▸ Material for this task
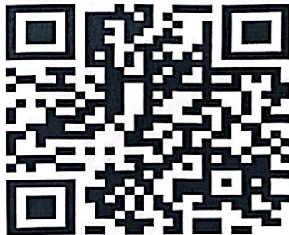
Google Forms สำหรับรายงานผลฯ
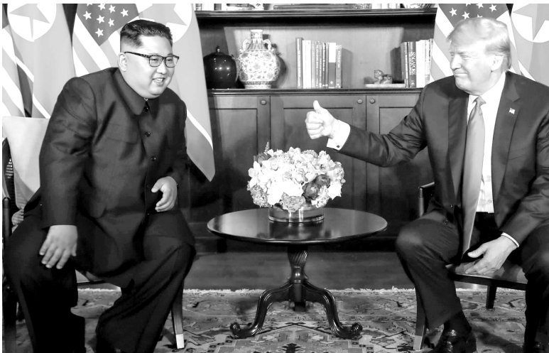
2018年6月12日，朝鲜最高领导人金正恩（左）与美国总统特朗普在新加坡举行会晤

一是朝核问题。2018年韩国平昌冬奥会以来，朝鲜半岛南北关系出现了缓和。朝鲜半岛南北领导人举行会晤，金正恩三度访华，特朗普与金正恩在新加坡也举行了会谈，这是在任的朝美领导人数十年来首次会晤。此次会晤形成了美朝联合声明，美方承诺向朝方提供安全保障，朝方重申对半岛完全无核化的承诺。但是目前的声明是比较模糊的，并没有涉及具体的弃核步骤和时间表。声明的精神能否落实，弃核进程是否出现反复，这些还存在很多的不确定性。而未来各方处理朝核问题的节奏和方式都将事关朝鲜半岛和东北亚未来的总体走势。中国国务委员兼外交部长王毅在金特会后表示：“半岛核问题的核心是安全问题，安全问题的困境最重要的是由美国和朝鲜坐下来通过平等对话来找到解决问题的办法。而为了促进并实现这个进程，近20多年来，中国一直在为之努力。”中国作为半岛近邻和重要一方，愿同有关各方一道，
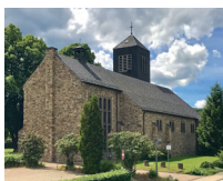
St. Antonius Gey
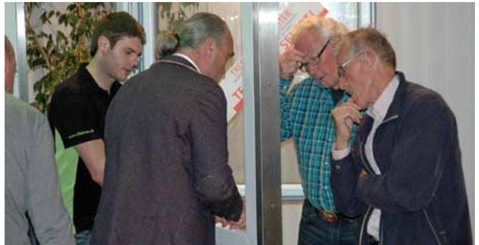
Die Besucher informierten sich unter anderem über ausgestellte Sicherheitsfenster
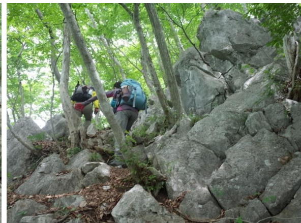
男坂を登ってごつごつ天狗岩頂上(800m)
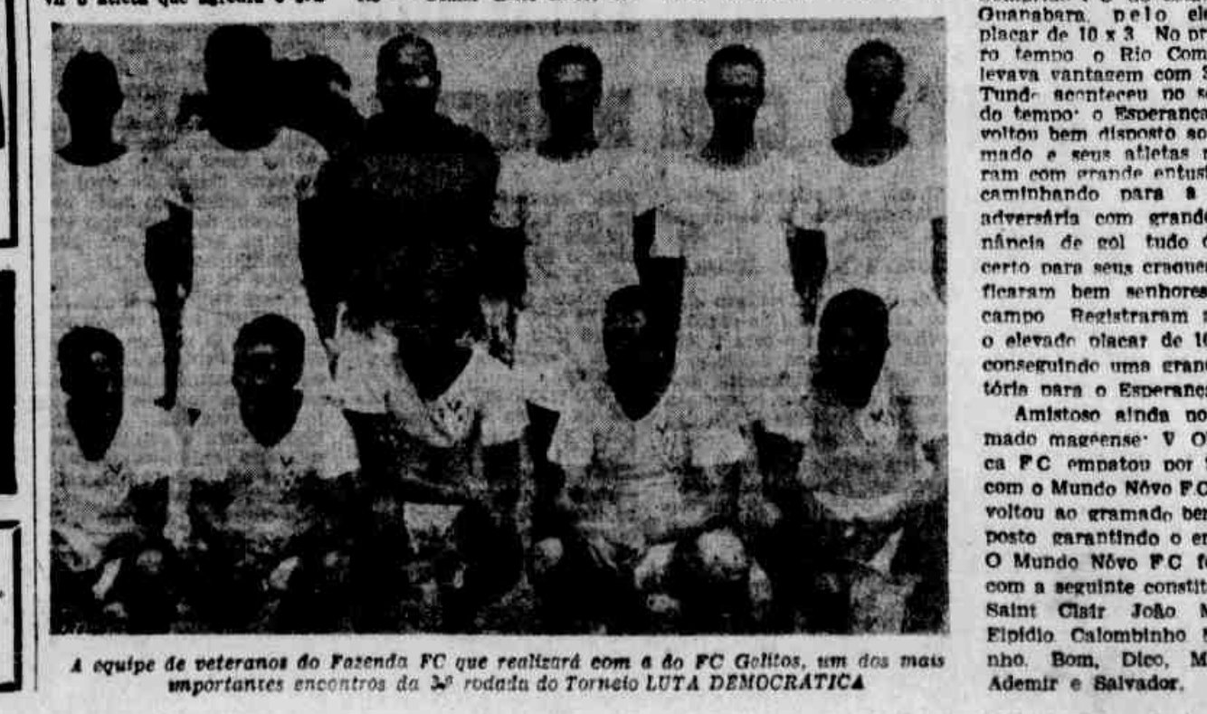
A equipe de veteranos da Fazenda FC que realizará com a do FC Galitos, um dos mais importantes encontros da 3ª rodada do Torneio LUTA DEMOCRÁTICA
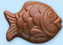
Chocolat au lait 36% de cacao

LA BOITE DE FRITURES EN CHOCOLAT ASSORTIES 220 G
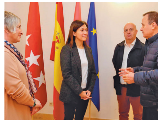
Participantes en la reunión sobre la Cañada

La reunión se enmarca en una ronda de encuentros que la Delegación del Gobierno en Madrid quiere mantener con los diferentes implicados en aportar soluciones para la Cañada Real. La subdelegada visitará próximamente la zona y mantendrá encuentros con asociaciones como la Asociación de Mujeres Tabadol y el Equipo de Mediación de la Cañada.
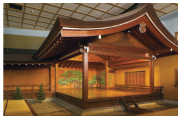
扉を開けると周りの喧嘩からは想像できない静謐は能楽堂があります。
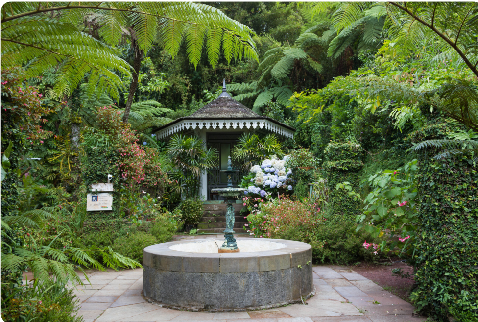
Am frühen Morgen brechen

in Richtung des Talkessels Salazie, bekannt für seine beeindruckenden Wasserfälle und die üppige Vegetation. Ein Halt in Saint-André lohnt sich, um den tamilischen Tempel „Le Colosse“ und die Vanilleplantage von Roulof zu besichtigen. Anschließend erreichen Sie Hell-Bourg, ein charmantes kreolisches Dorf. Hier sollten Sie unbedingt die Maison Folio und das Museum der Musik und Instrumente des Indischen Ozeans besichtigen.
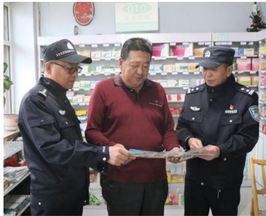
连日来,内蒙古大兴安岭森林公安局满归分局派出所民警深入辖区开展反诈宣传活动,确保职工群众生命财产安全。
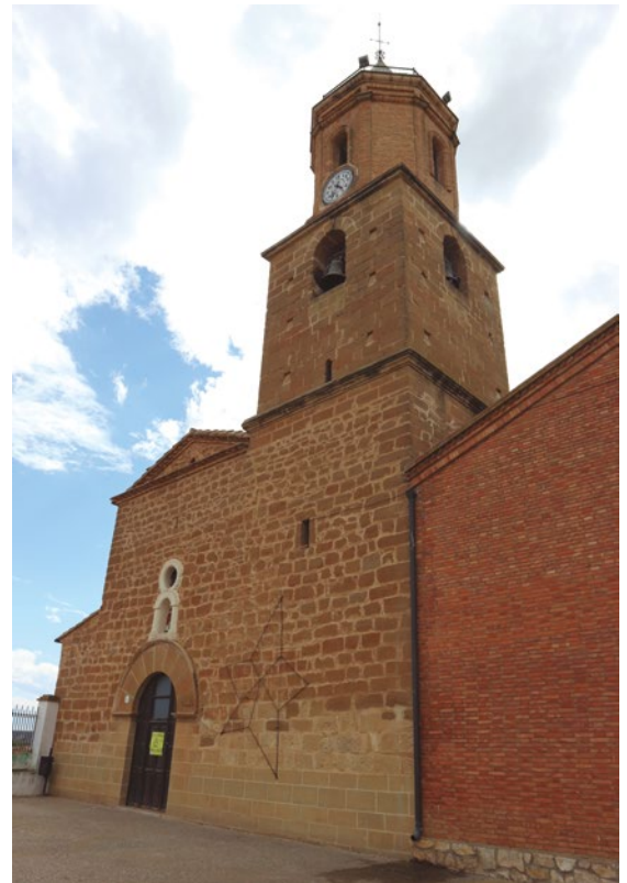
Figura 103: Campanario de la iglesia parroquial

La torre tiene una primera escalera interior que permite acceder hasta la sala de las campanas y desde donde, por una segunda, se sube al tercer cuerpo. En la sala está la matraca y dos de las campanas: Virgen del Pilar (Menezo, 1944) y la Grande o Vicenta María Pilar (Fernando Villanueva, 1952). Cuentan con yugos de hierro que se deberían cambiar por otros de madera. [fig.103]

▸ Task to complete
Would you restate word for word only the lines from the one containing "in Richtung des" to the final line of the material, both ends included, without any pictures?

▸ Answer to this exercise
in Richtung des Talkessels Salazie, bekannt für seine beeindruckenden Wasserfälle und die üppige Vegetation. Ein Halt in Saint-André lohnt sich, um den tamilischen Tempel „Le Colosse“ und die Vanilleplantage von Roulof zu besichtigen. Anschließend erreichen Sie Hell-Bourg, ein charmantes kreolisches Dorf. Hier sollten Sie unbedingt die Maison Folio und das Museum der Musik und Instrumente des Indischen Ozeans besichtigen.
连日来,内蒙古大兴安岭森林公安局满归分局派出所民警深入辖区开展反诈宣传活动,确保职工群众生命财产安全。
Figura 103: Campanario de la iglesia parroquial

La torre tiene una primera escalera interior que permite acceder hasta la sala de las campanas y desde donde, por una segunda, se sube al tercer cuerpo. En la sala está la matraca y dos de las campanas: Virgen del Pilar (Menezo, 1944) y la Grande o Vicenta María Pilar (Fernando Villanueva, 1952). Cuentan con yugos de hierro que se deberían cambiar por otros de madera. [fig.103]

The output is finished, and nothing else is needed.